Here is a short excerpt of what I've come up with :
import Mathlib.Data.Finset.Basic
def Aabcd : Finset Char := {'a', 'b', 'c', 'd'}
-- attempt 1 : would be ideal, but fails with
-- failed to synthesize Singleton Char (Finset { x // x ∈ Aabcd })
-- failed to synthesize Insert Char (Finset { x // x ∈ Aabcd })
def Aac1 : Finset Aabcd := {'a', 'c'}
-- attempt 2 : ok but really cumbersome
def Aac2 : Finset Aabcd := {⟨'a', by decide⟩, ⟨'c', by decide⟩}
-- attempt 3 : fails with
-- failed to synthesize Singleton Char (Multiset { x // x ∈ Aabcd })
-- failed to synthesize Insert Char (Multiset { x // x ∈ Aabcd })
def Aac3 : Finset Aabcd := ⟨{'a', 'c'}, by decide⟩
-- attempt 4 : ok but possibly not very idiomatic...
def finset_cast (s : Finset α) {t : Finset α} (h : s ⊆ t) : Finset t :=
let f : s → t := fun ⟨x, hx⟩ => ⟨x, h hx⟩
let hf : (Multiset.map f s.val.attach).Nodup := by
apply Multiset.Nodup.map
. simp [Function.Injective, f]
. rw [Multiset.nodup_attach]
exact s.nodup
⟨s.val.attach.map f, hf⟩
def Aac4 : Finset Aabcd := finset_cast {'a', 'c'} (by decide)
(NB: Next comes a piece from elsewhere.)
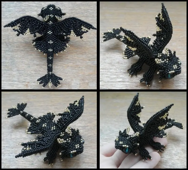 Такимже образом сделайте крылья, используя 10 рядов ндебеле и все мелкие бусины наспине. На схеме показан процесс изготовления, и, думаю, все достаточно понятно. Однако это лишь приблизительный вариант, и в процессе плетениявы всегда должны подбирать и корректировать количество бисера в зависимости от результата. Надеюсь, эти описания помогут вам связать что-то подобное.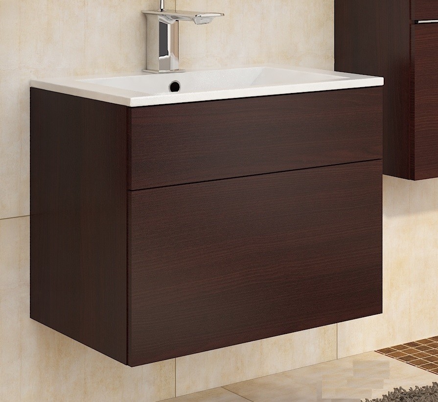 Elegantní koupelnová sestava vyrobená z kvalitního lamina a MDF. Korpusy (LTD) i dvířka (MDF) jsou v barvě wenge. Sestava se skládá ze 5 dílů - skříňka pod umyvadlo (60x47x45 cm), umyvadlo (61x14x45), 2x závěsná skříňka (30x110x31 cm) a zrcadla (60x65x17 cm). Skříňky se uchytávají na stěnu. Dodáváno v demontu.

Is there an elegant / idiomatic way to omit the (by decide) parts in these examples? Or ideally, to make the syntax in attempt 1 above trigger some kind of automatic coercion or dependent coercion? Or is the "Finset over a Finset" approach a really bad idea?
Thanks!
(PS : I've never really introduced myself here, is it something people still do, or has this channel been converted to a noob-questions channel?)
Bjørn Kjos-Hanssen (Mar 21 2025 at 21:12):
Instead of working with Char you could use Fin 4 and then Aac1 would be ({0,2} : Set (Fin 4)).
Or you could define a new type T containing elements a,b,c,d and then do {a,c} : Set T.
Char is not really a thing in mathematics so if we're doing mathematics it is probably best avoided.
Antoine Meyer (Mar 21 2025 at 22:41):
Thanks Bjørn. I’ll experiment with your suggestions using Fin and Set.
Still, I’d be curious to know about my original question, if only to learn about this kind of coercions.
To be honest I don’t really care that much about Char, it could be any arbitrary type. It’s just convenient to be able to use letters when working with automata (whether or not that can be considered real math).
Last updated: May 02 2025 at 03:31 UTC